Tencent Holdings Ltd.’s 50% profit growth in the fourth quarter showed its continued dependence on online games. A big challenge for the Chinese Internet giant is how to build new sources of revenue through its messaging and social-networking services.
Investors and analysts see a potential gold mine in Tencent’s WeChat and QQ messaging and social-networking services, which have hundreds of millions of active users in China, where major U.S. services such as Facebook and Twitter are blocked. So far, Tencent has been generating some of its revenue by offering mobile games through WeChat and QQ, and has added new advertising features to those social platforms.
Still, Tencent’s profit for the three months through December, which came a little below analyst expectations, was a reminder that the company still has a long way to go to cash in on the popularity of WeChat and QQ. The company, based in Shenzhen, China said Wednesday its net profit rose 50% to 5.86 billion yuan ($937 million) from 3.91 billion yuan a year earlier. Its revenue rose 24% to 20.98 billion yuan from 16.97 billion yuan a year earlier.
In the same quarter, the number of users for Tencent’s social platforms continued to grow. QQ’s active users on smartphones and tablets increased to 576 million in December from 542 million in September, the company said, while active users of WeChat, which is called Weixin in mainland China, grew to 500 million from 468 million over the same period.
Tencent’s revenue from online games, including those played on personal computers as well as smartphones and tablets, rose 41% to 11.96 billion yuan in the quarter. Mobile games offered through WeChat and QQ generated 2.9 billion yuan in revenue in the fourth quarter, rising from 2.6 billion yuan in the third quarter but at a slower rate of growth than some analysts had projected. Other than the social platforms, Tencent also distributes mobile games through app stores.
At a news conference Wednesday, Tencent executives said China’s mobile games market is still developing.
“If you look at the number of players for mobile games, it’s actually much higher than players of PC games…but the percentage of people who pay is actually still quite small compared to PCs,” Tencent President Martin Lau said. “There’s still quite a bit of head room to grow.”
In addition to typical mobile games that are basic and easy to play, Tencent is offering more sophisticated, engaging titles such as shooting games that could get more people to spend money while playing, Chief Strategy Officer James Mitchell said.

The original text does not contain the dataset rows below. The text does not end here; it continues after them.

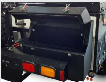
Rear Lockable Toolbox For Easy Tool Access.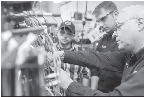
Students at Northern Maine Community College participate in hands-on training in the electrical construction and maintenance program. The Maine Community Foundation (MaineCF) offers hundreds of scholarship opportunities to Maine students, including those entering trades.

“There is no part of Maine we don’t reach and MaineCF scholarships offer support to students of all backgrounds and from all corners of the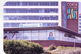
Diagnostic Centre in Prague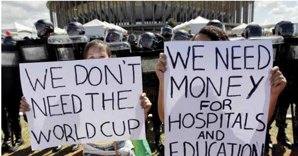
All the razzmatazz of the finals won't satisfy the social needs of Brazil's workers and poor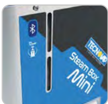
Water tank level indicator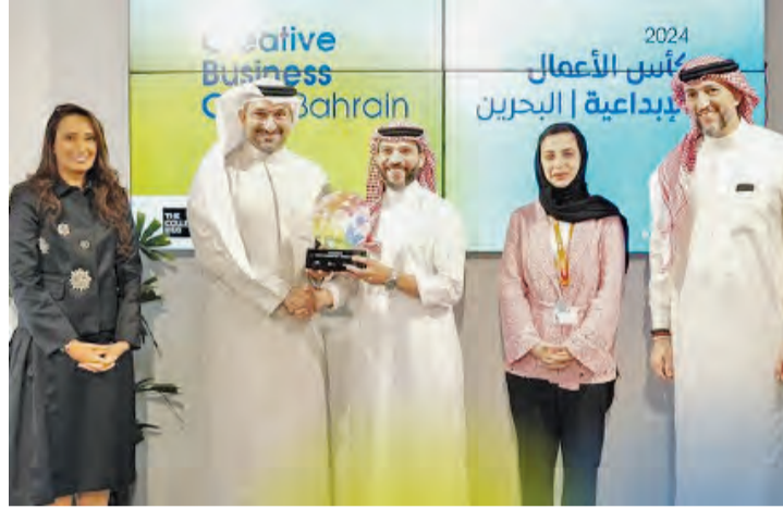
H.E. Mr. Abdullah bin Adel Fakhro with the winners

It aimed to catalyze the Bahraini economy, forging pathways to develop projects in collaboration with leading investors, corporations, accelerators, and startups worldwide.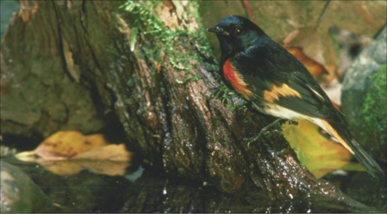
American Redstart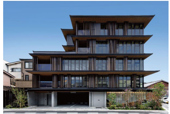
Exterior design avoiding the heavy feel of an RC structure

The placement of the columns and the shape of the eaves and beams is designed to avoid the heavy feel of reinforced concrete structures. Also, the horizontal lines of the eaves are emphasized to hide the beams, and vertical bars are placed to obscure the boundaries between columns, walls, and glass, thereby reducing the presence of the walls.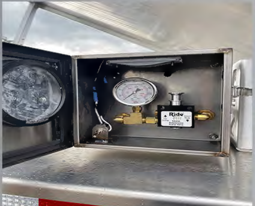
Air ride control box

investors are hoping that Tencent will keep developing new sources of revenue on top of mobile games.
“Mobile games’ growth is already priced in. The upside (for Tencent shares) will likely depend on advertising revenue,” Jefferies analyst Cynthia Meng said earlier this week.
In the fourth quarter, 82% of Tencent’s revenue came from online games, while advertising revenue accounted for only 13%.
Tencent has been gradually adding more advertising features to WeChat and QQ. In January, in mainland China, the company added sponsored posts to WeChat’s “moments” section, a Facebook-like section where users share photos and other status updates. Last year, Tencent launched a service in China in which companies that have WeChat accounts can pay fees to place ads on other corporate WeChat pages.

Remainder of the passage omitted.